É nesse ponto que surge a necessidade de explicar o que está por trás dessa nova “criatura” contemporânea. As IAs generativas mais poderosas são construídas sobre modelos chamados LLMs, sigla para Large Language Models, ou Modelos de Linguagem de Grande Escala. São sistemas treinados com um volume gigantesco de textos, imagens e dados retirados da própria humanidade. Aprendem padrões linguísticos, conceitos, estruturas e relações entre palavras, frases e ideias. Diferentemente de programas tradicionais, não seguem regras fixas, mas inferem significados e produzem respostas com base em probabilidades. São máquinas que não “pensam”, mas simulam a linguagem humana de forma tão refinada que se tornam indistinguíveis em muitos contextos. Esses modelos, formados por trilhões de parâmetros, são o equivalente moderno da Criatura de Shelley: complexos, imprevisíveis, e profundamente dependentes das intenções de seus criadores.

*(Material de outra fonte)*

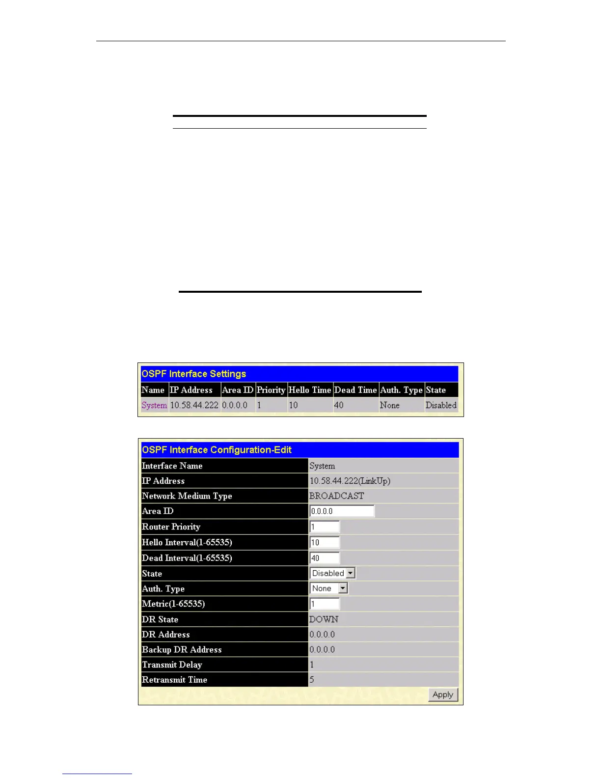 To set up OSPF interfaces, click Configuration > Layer 3 IP Networking > OSPF > OSPF Interface Settings to view OSPF

A partir dessa compreensão, emerge o debate sobre o neocolonialismo tecnológico. A maioria das LLMs é treinada quase inteiramente em inglês ou mandarim, o que significa que o pensamento das máquinas se organiza por referências culturais e epistemológicas que não representam a diversidade global. Linguagens, modos de viver e formas de compreender o mundo produzidas na América Latina, na África e em tantas outras regiões tornam-se invisíveis nesse processo. Quando grande parte da inteligência artificial aprende a partir de duas matrizes civilizatórias específicas, corremos o risco de reforçar dependências históricas e desigualdades simbólicas. Não se trata apenas de tecnologia, mas de poder.

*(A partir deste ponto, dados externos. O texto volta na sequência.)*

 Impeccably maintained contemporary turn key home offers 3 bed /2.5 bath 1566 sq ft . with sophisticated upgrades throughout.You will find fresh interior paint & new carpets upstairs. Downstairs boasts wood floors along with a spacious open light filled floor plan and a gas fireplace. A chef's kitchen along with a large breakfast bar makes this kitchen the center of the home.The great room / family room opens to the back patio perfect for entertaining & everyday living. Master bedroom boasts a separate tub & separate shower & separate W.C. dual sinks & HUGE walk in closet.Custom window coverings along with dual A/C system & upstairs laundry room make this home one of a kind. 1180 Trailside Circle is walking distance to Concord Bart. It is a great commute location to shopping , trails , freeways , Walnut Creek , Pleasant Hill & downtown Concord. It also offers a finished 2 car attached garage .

Desde o início da modernidade, a ciência despertou fascínio e temor. Hoje, a inteligência artificial provoca o mesmo efeito. As tecnologias que deveriam ampliar nossa capacidade humana passam, por vezes, a reorganizar a forma como percebemos o real. O risco não está apenas na rebelião hipotética das máquinas, mas na delegação crescente de decisões a sistemas cujos funcionamentos não são plenamente compreendidos por seus próprios criadores. Está em jogo nossa autonomia.

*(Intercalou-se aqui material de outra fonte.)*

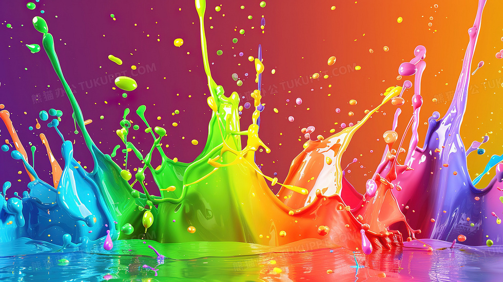 本作品内容为彩色液体飞溅油漆背景, 格式为 jpg, 大小3 MB, 图片尺寸为2912 x 1632, 作品中背景图片无需修改, 源文件无水印,可以直接使用, 欢迎使用熊猫办公。 如认为平台内容涉嫌侵权,可通过邮件:tousu@tukuppt.com提出书面通知,我们将及时处理。

Frankenstein funciona como advertência. A Criatura não é monstruosa por nascer artificial, mas porque reflete a ambição humana sem responsabilidade ética. A ausência de limites e de governança destrói laços, desestrutura vidas e revela nossos pontos cegos. Da mesma forma, a tecnologia sem reflexão crítica pode gerar consequências irreversíveis. A sociedade precisa decidir se as IAs serão instrumentos de libertação humana ou mecanismos de dependência e controle.
Ao assistir ao filme, torna-se evidente que sua narrativa dialoga diretamente com o momento atual. Não é apenas uma releitura literária, mas uma fábula política, filosófica e tecnológica. A Criatura renasce nas telas no mesmo instante em que múltiplos modelos de IA renascem nos data centers do mundo. Ambos desafiam limites éticos, ambos expõem vulnerabilidades humanas. Se o romance original revela o que acontece quando o criador abandona sua responsabilidade, nossa era mostra o que pode ocorrer quando sociedades inteiras delegam às máquinas a mediação da realidade.
Este ensaio nasce dessa provocação. Frankenstein não é apenas um clássico revisitado, mas um convite à reflexão. A ciência sem ética produz monstros. A tecnologia sem governança produz abismos. O futuro sem o direito à realidade, como nos alerta Saron, produz confusão e perda de sentido. Diante das transformações que vivemos, precisamos aprender com Frankenstein antes que seja tarde. O momento é este.